Во всяком случае, говорящему стало ясно, что слуга не намеревается исполнять его приказание привести лошадь из конюшни. В этом случае помимо простого повторения приказания возможны некие побудительные или вопросительные косвенные иллокутивные воздействия, направленные на то, чтобы выяснить условия успешности иллокутивного акта. Например, говорящий может сказать: «Ты что, не слушал, что я говорю? » или «Я, кажется, ясно сказал тебе, что бы ты привел из конюшни мою лошадь», или «Ты что – оглох, тебе что, надоело твое место? » и т. д.
Ничего этого говорящий не делает. Вместо этого он сам идет на конюшню, нарушая одно из важнейших условий «направления приспособления между словами и миром». Статусы господина и слуги подразумевают определенные речевые конвенции между ними. И тот факт, что господин в ответ на вольное или невольное непослушание слуги идет и выполняет действие, которое должен был выполнить слуга, является вопиющим нарушением правил языковой игры между говорящим-господином и слушающим-слугой.

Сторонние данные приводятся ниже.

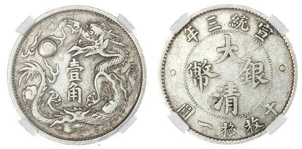China, Qing Dynasty, Hsuan Tung (1908-11), silver 10 Cents, 1911, 3rd year, Tientsin mint (LM 41; K. 230). In NGC holder graded XF Details – Reverse cleaned.
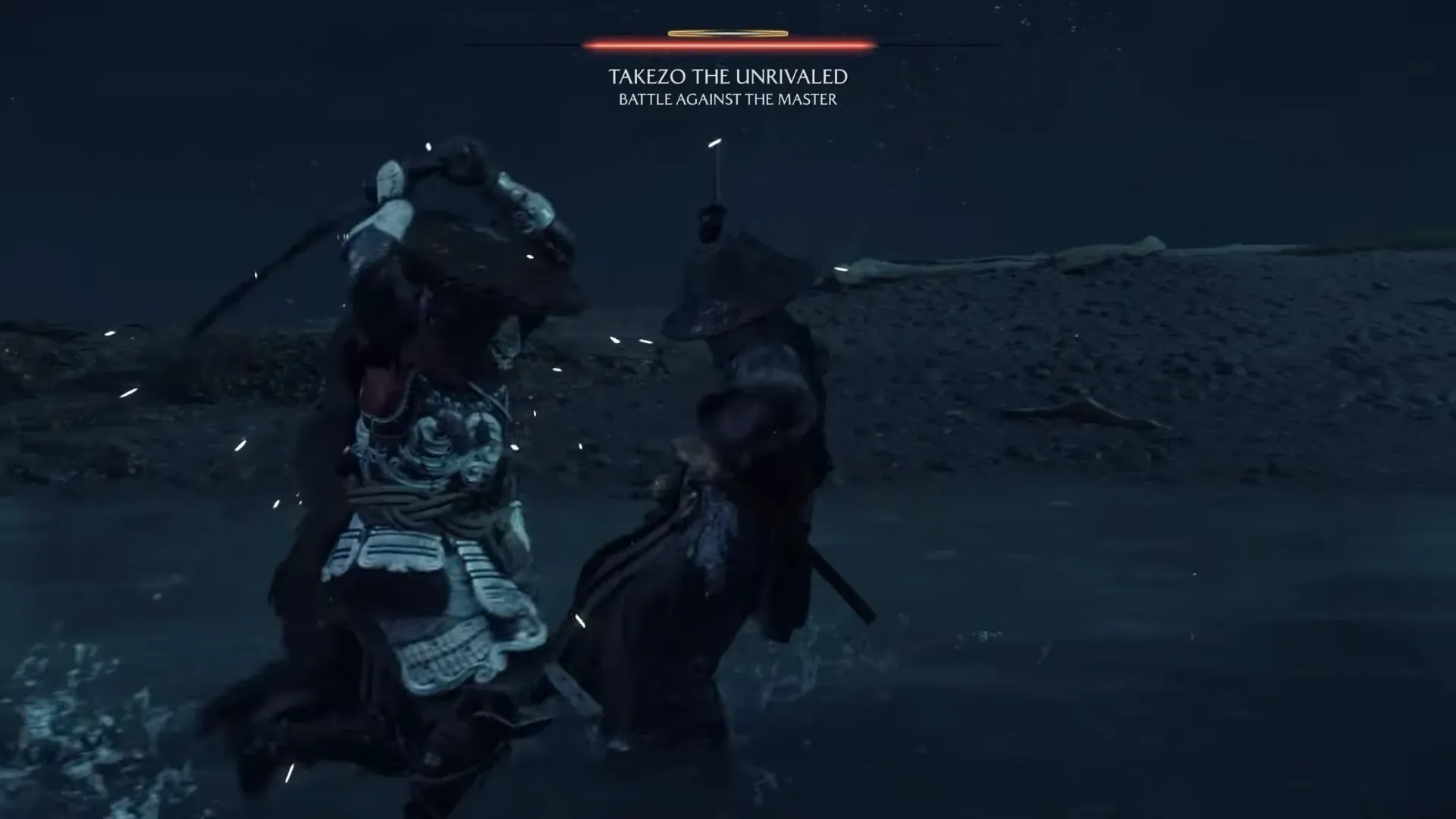 After the fifth disciple falls, meet the messenger’s request at the Coastal Dueling Tree and wait at the campsite. Follow Takezo to the beach for a two‑phase duel. Bring upgraded health, additional Spirit, and a fully sharpened kit; this fight hits hard and runs long.

Здесь возможно было бы объяснение, в соответствии с которым между слугой и господином установились некие неформальные отношения, вследствие которых господин вместо того, чтобы повторить приказание, наказать слугу и т. п., просто обиделся на него как на равного, и его жест – то, что он пошел в конюшню, и сам оседлал лошадь – факт этой затаенной обиды.
Однако дальнейшее развитие событий не подтверждает этой гипотезы. Оказывается, что слуга не просто отказывается повиноваться элементарным приказаниям господина и не только не собирается следовать за своим господином, что было бы наиболее естественно, но он еще берет на себя смелость на осуществление речевого действия, которое явно не входит в его компетенцию как слуги, спрашивая господина о его намерениях.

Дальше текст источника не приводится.